It seems reasonable to say that most people who talk about marriage do so under a choice-supportive bias, saying all kinds of things in support of marriage and getting married simply because it sounds good, regardless of whether it is actually true. So it’s no surprise that someone would pen an entire article on the matter and perpetuate still longer the cutesy ideas.
About the only thing that Seth Adam Smith gets right about marriage is that it’s not about you. Marriage isn’t really "about" anything. Marriage just is. Why do people feel the need to continually manufacture all kinds of crap to say about marriage? Has no one outgrown all the lovey-dovey fairy tales of marriage that we hear when we’re little and that only get perpetuated when we’re adults?
Seriously, let’s take a step back and just look at things with a clear mind.

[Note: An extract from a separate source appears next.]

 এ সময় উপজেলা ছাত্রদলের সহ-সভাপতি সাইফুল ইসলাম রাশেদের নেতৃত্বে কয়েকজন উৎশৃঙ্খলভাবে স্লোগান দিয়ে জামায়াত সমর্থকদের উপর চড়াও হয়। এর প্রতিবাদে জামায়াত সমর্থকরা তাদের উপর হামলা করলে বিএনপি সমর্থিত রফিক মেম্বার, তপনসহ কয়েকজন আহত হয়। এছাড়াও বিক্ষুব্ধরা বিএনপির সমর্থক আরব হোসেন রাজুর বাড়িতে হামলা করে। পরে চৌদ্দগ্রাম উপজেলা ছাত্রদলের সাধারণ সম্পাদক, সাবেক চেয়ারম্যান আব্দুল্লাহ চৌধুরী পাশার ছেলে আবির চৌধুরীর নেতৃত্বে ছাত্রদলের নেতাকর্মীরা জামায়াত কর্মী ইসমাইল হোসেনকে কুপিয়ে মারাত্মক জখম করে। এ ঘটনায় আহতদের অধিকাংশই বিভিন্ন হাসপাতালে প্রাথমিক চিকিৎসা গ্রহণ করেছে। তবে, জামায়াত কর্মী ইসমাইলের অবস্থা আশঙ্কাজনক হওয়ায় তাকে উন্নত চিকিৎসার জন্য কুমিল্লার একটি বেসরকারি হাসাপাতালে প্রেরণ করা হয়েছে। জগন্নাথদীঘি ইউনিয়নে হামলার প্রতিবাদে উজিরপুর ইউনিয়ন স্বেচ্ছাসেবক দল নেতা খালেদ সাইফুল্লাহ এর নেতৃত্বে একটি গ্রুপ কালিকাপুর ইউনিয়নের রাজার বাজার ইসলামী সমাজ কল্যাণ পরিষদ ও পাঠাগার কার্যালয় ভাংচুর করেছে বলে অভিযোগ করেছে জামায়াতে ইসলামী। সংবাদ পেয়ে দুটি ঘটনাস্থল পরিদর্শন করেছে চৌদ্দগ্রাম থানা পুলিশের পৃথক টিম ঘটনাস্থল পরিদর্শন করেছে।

In determining whether to propose to his then-girlfriend, Seth had a conversation with his father about whether he’d be making the right decision. How he remembers exactly what his father told him is beyond me, given the paragraph he reproduced, but allegedly his father started with this:
Seth, you’re being totally selfish. So I’m going to make this really simple: marriage isn’t for you. You don’t marry to make yourself happy, you marry to make someone else happy.

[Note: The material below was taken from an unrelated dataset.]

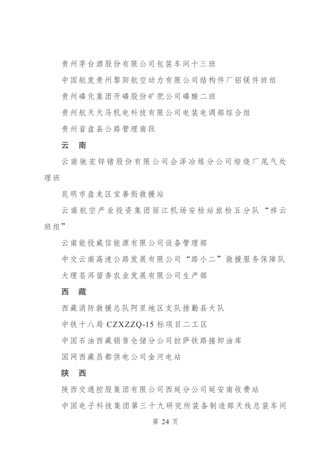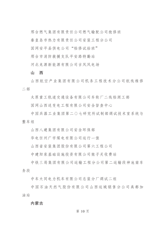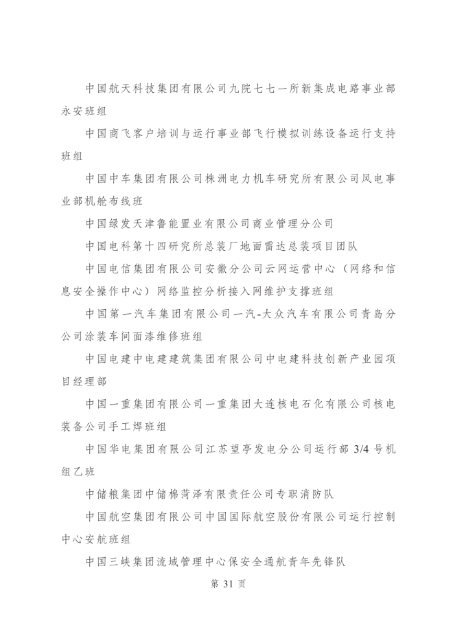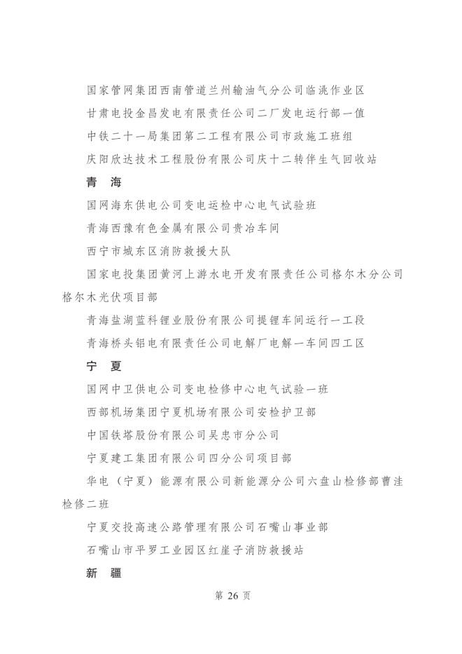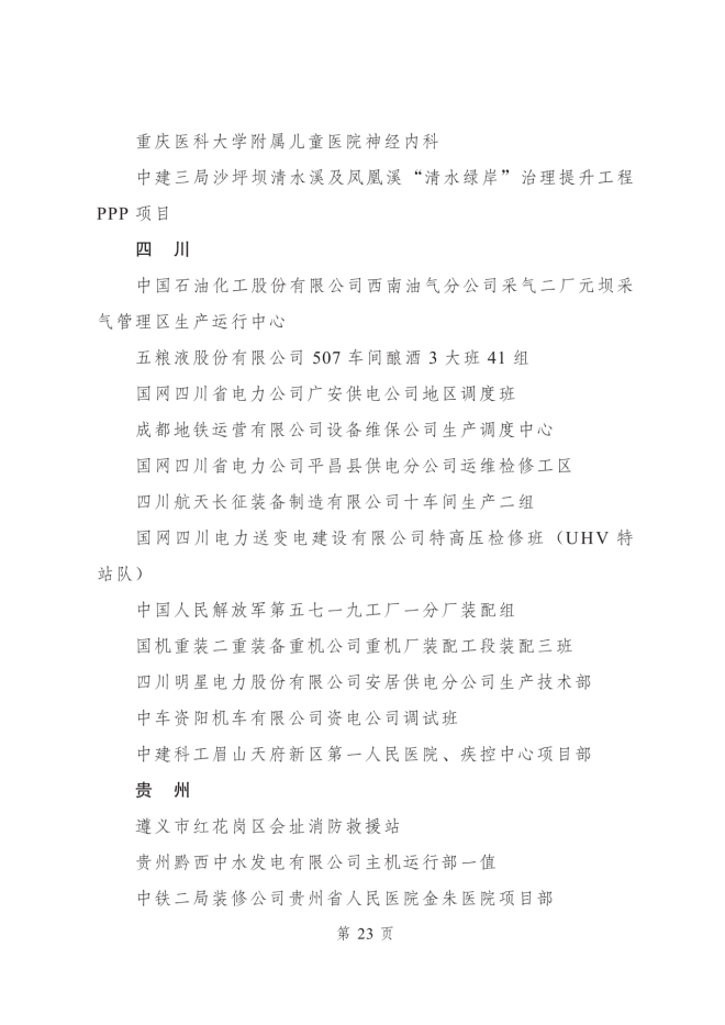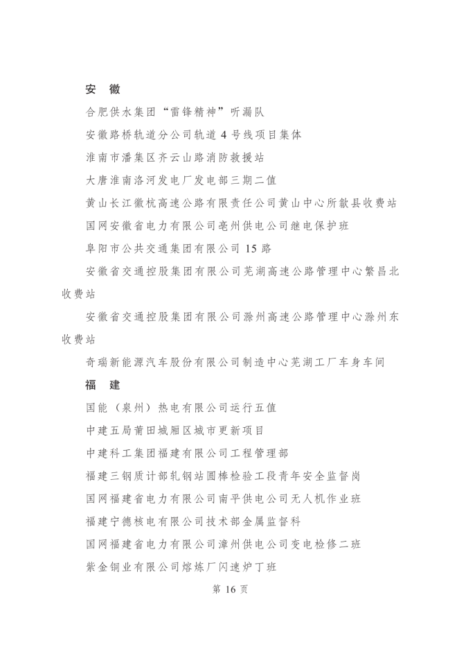 2023年度全國青年安全生產示範崗集體名單

While true that you don’t marry to make yourself happy, you don’t marry to make someone else happy either. Isn’t it amazing the kinds of things people say about marriage simply because it sounds good? And the idea that marriage has anything to do with happiness is one that’s been getting tossed around a lot.
Let’s look at reality. Life is full of ups and downs, meetings and partings, being able to fulfill long-held wishes and nearly losing everything. Marriage is just a part of life. You can experience all of this whether you are married or not. And within the years before getting officially married, my wife and I went through all of this. It tested our relationship like nothing.
My wife and I met while in college. She was the roommate of an ex-girlfriend, and we met formally while I was in a relationship with another woman. We would get together after another breakup and be together for a short time before I graduated from college. That turned our relationship long distance until she moved in with me in early 2006, a few months after I proposed to her, as she chose to leave school so she could re-evaluate what she really wanted to do.
The summer of that year, I would take her back to meet my family on the east coast. It was the first time in nearly eight years I’d seen any of my extended family. It would be the only time my wife would meet my grandfather, as he died several weeks later.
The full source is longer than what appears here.